* DATASET SECTION:
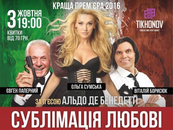 Приходьте 3 жовтня о 19.00 у Драмтеатр на виставу «Сублімація любові», аби у компанії улюблених українських акторів насолодитися іскрометним гумором, філігранно вивіреними мізансценами, класичною римською сценографією і справжніми італійськими пристрастями!
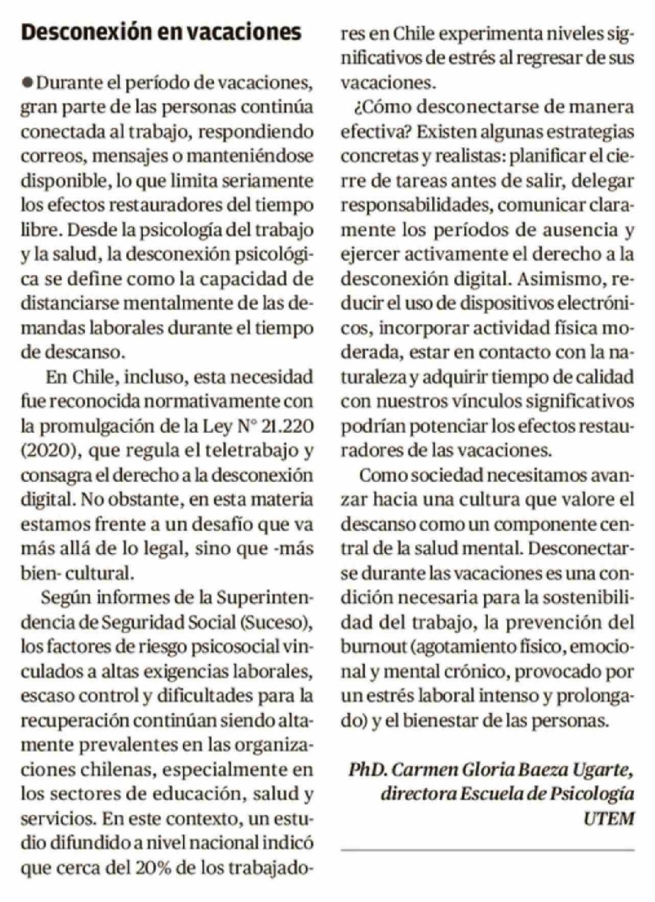 Cartas: Desconexión en vacaciones
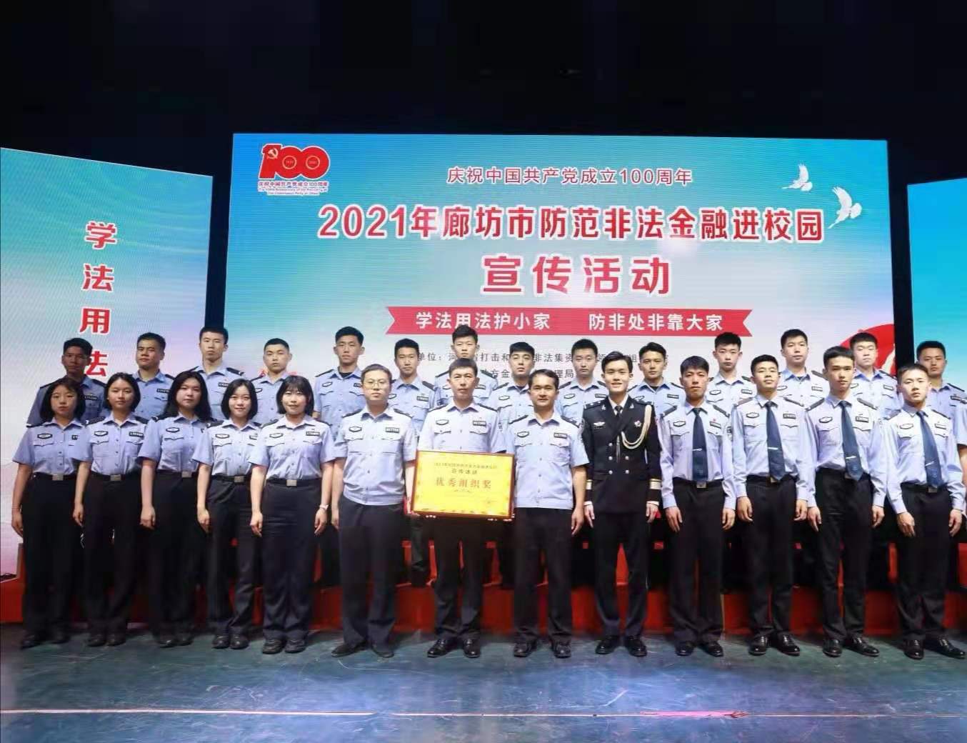 此次宣傳活動由河北省打擊和處置非法集資工作領導小組辦公室、廊坊市地方金融監督管理局主辦,警察大學等6所高校參與,會場設在北華航天工業學院西校區大禮堂,活動以宣講法律法規、情景劇、歌唱、演講等形式,號召一起防范和打擊非法集資,同時也是一次黨史學習教育活動。接到學校通知后,學院領導高度重視,要求精心組織,移民管理三隊遴選出26名政治素質高、綜合能力強的學生代表學校參加此次宣傳活動,該隊教導員于志剛帶隊。

* WHAT TO WORK ON:
Go back to the line that contains "Cartas: Desconexión en vacaciones" and copy it, along with each line after it through the end of the listing above, exactly and without pictures.

* RESPONSE AREA:
 Cartas: Desconexión en vacaciones
 此次宣傳活動由河北省打擊和處置非法集資工作領導小組辦公室、廊坊市地方金融監督管理局主辦,警察大學等6所高校參與,會場設在北華航天工業學院西校區大禮堂,活動以宣講法律法規、情景劇、歌唱、演講等形式,號召一起防范和打擊非法集資,同時也是一次黨史學習教育活動。接到學校通知后,學院領導高度重視,要求精心組織,移民管理三隊遴選出26名政治素質高、綜合能力強的學生代表學校參加此次宣傳活動,該隊教導員于志剛帶隊。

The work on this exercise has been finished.